**ASSIGNMENT:** Pictures stay out of the copy. Transcribe exactly the lines from the line with "ሰይራብት ሃ/ር መሃን ጸገ" through the final line of the records.
-------- SUPPLIED DATA --------
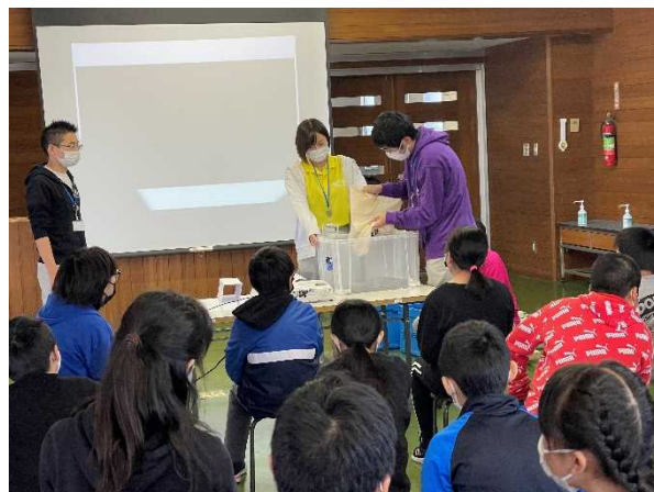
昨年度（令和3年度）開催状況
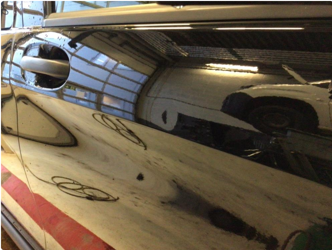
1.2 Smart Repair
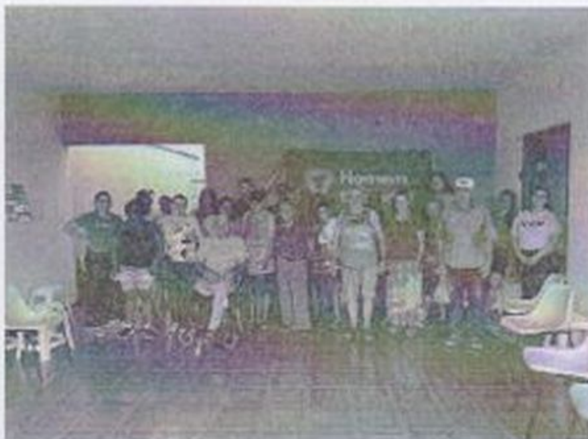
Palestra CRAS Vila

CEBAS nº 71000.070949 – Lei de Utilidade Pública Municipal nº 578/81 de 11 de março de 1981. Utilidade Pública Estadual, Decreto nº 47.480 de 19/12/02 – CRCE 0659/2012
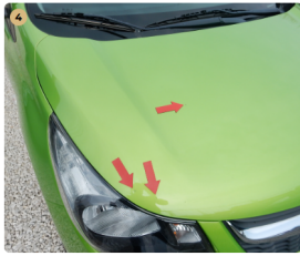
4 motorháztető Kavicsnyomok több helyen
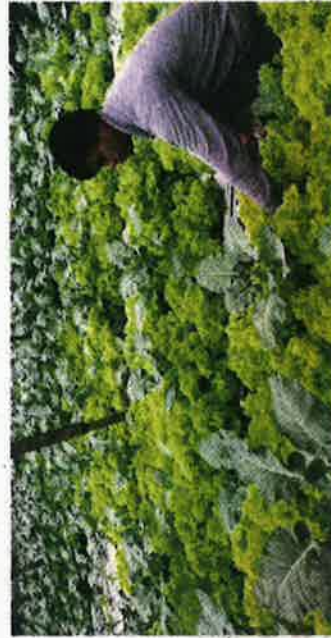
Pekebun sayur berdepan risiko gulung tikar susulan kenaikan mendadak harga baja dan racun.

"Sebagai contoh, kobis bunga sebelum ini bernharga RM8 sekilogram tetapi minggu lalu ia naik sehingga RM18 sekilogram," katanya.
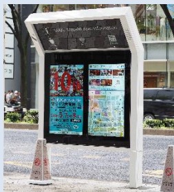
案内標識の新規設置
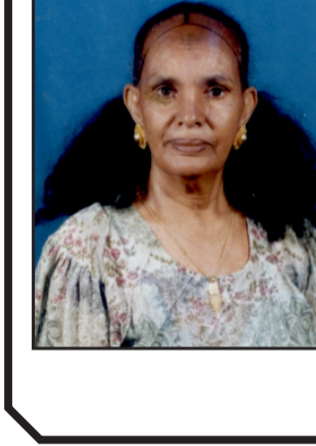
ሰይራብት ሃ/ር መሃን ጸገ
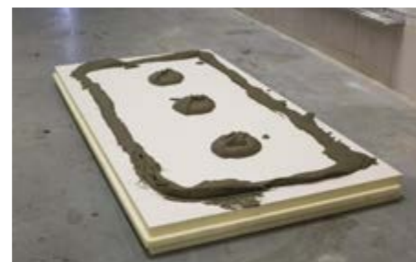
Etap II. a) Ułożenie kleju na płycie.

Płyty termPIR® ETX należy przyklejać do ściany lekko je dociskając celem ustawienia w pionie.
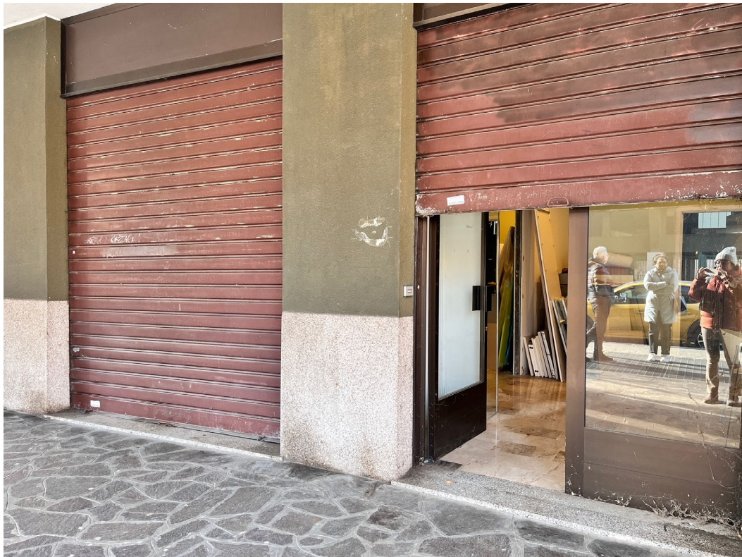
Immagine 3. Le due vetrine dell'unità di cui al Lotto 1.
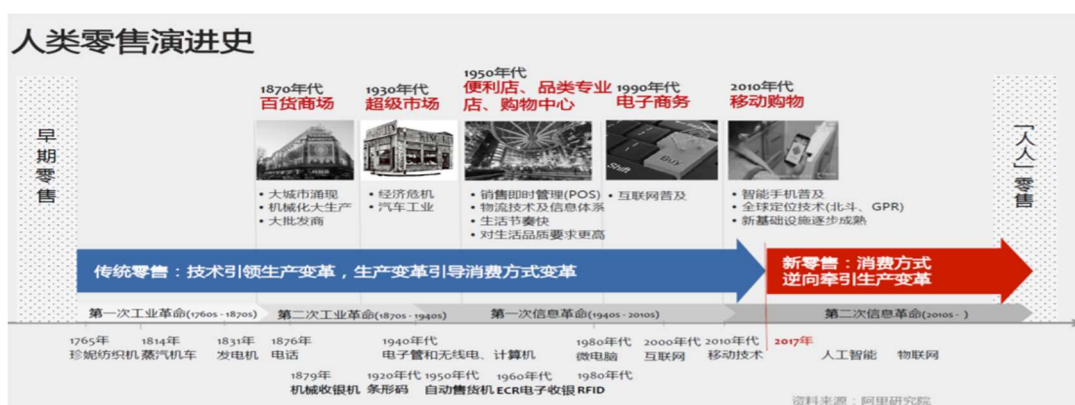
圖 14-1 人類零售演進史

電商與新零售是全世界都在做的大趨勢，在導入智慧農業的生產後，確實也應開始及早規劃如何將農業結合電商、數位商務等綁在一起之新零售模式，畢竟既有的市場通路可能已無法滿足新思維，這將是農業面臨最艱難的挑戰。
--------
**SOLVED PROBLEM:**
ሰይራብት ሃ/ር መሃን ጸገ
Etap II. a) Ułożenie kleju na płycie.

Płyty termPIR® ETX należy przyklejać do ściany lekko je dociskając celem ustawienia w pionie.
Immagine 3. Le due vetrine dell'unità di cui al Lotto 1.
圖 14-1 人類零售演進史

電商與新零售是全世界都在做的大趨勢，在導入智慧農業的生產後，確實也應開始及早規劃如何將農業結合電商、數位商務等綁在一起之新零售模式，畢竟既有的市場通路可能已無法滿足新思維，這將是農業面臨最艱難的挑戰。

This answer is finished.